* _To do_
The answer is the set of lines that include "with", copied from the data below.

:: Data for review ::

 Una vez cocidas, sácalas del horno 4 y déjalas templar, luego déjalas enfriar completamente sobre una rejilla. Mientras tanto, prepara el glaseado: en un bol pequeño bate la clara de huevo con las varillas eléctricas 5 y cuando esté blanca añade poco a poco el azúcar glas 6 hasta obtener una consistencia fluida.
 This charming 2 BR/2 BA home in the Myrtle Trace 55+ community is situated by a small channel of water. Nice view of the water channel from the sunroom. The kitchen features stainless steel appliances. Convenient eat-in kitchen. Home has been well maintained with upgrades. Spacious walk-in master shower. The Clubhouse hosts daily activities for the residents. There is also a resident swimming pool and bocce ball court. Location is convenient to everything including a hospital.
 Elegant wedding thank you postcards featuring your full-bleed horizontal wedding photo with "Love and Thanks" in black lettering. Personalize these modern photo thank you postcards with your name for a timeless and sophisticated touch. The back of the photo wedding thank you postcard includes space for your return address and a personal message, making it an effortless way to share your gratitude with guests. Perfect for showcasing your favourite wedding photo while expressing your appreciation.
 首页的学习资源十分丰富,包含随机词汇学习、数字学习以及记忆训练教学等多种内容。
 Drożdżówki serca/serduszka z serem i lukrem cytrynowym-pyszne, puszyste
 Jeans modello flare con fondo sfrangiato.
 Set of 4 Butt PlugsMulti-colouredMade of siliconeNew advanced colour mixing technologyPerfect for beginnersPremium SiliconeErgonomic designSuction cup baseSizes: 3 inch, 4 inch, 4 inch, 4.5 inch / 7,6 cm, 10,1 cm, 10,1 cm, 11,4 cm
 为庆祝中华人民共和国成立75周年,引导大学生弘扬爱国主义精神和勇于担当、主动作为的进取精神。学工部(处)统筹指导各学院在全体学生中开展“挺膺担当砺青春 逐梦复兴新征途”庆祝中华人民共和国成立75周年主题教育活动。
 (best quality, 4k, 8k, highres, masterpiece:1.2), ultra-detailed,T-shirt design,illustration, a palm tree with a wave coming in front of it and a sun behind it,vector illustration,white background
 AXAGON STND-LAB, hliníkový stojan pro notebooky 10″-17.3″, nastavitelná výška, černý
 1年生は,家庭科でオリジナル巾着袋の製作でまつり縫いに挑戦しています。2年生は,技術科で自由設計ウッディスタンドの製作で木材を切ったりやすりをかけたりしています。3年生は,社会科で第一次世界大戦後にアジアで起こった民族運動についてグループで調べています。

:::

* _Answer to the problem_
 This charming 2 BR/2 BA home in the Myrtle Trace 55+ community is situated by a small channel of water. Nice view of the water channel from the sunroom. The kitchen features stainless steel appliances. Convenient eat-in kitchen. Home has been well maintained with upgrades. Spacious walk-in master shower. The Clubhouse hosts daily activities for the residents. There is also a resident swimming pool and bocce ball court. Location is convenient to everything including a hospital.
 Elegant wedding thank you postcards featuring your full-bleed horizontal wedding photo with "Love and Thanks" in black lettering. Personalize these modern photo thank you postcards with your name for a timeless and sophisticated touch. The back of the photo wedding thank you postcard includes space for your return address and a personal message, making it an effortless way to share your gratitude with guests. Perfect for showcasing your favourite wedding photo while expressing your appreciation.
 (best quality, 4k, 8k, highres, masterpiece:1.2), ultra-detailed,T-shirt design,illustration, a palm tree with a wave coming in front of it and a sun behind it,vector illustration,white background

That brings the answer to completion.